== WHAT YOU NEED TO DO ==
Which lines in the records below contain the word "завод"? Copy each one out.

== RECORD SET ==
=== Begin Enclosure ===
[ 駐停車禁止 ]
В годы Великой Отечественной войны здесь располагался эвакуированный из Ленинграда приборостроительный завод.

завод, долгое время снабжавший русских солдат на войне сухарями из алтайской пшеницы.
=== End Enclosure ===
=== Begin Enclosure ===
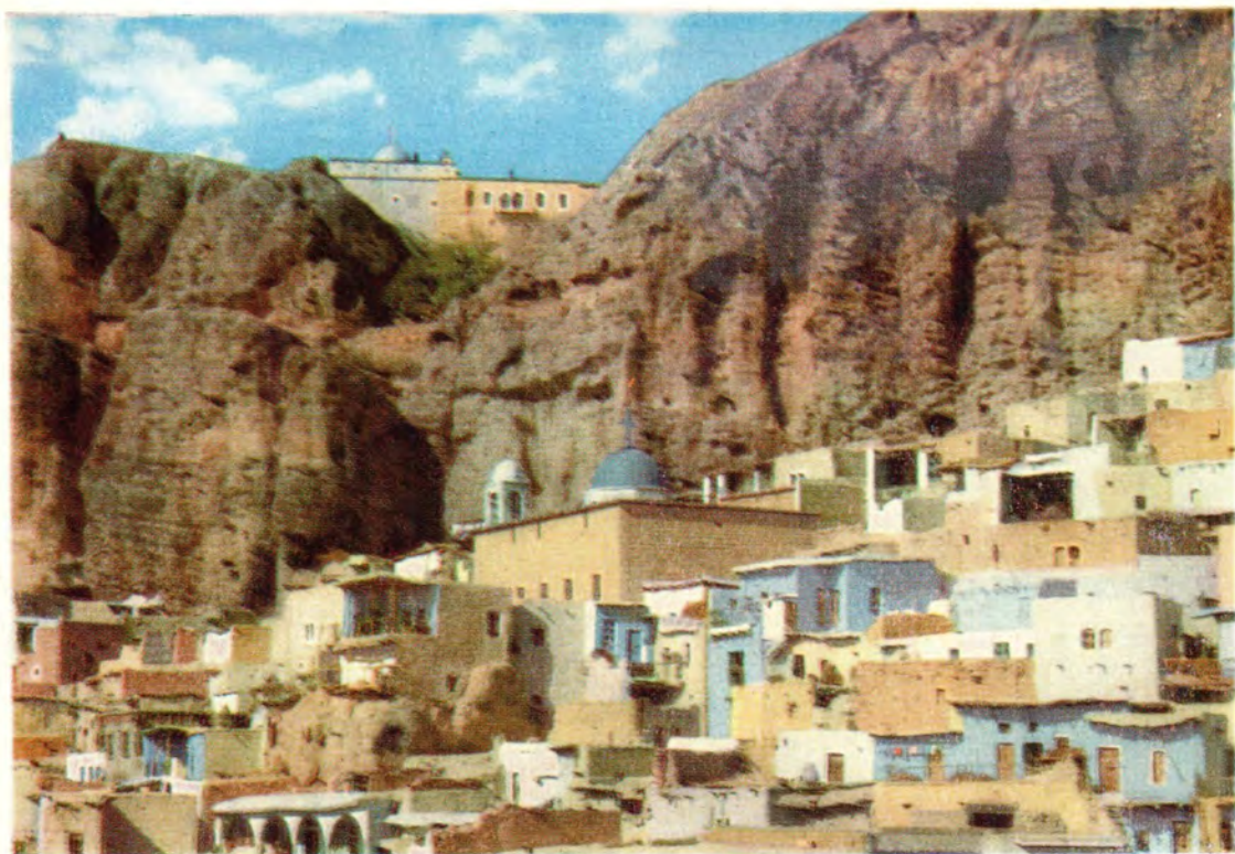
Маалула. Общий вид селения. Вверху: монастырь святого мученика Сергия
=== End Enclosure ===
=== Begin Enclosure ===
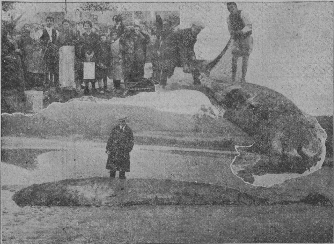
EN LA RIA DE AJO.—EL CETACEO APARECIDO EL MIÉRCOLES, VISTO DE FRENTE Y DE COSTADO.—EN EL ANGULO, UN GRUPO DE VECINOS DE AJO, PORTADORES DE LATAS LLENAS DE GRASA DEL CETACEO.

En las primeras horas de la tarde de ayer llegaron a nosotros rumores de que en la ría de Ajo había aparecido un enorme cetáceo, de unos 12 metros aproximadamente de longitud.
=== End Enclosure ===
== ANSWER SPACE ==
В годы Великой Отечественной войны здесь располагался эвакуированный из Ленинграда приборостроительный завод.
завод, долгое время снабжавший русских солдат на войне сухарями из алтайской пшеницы.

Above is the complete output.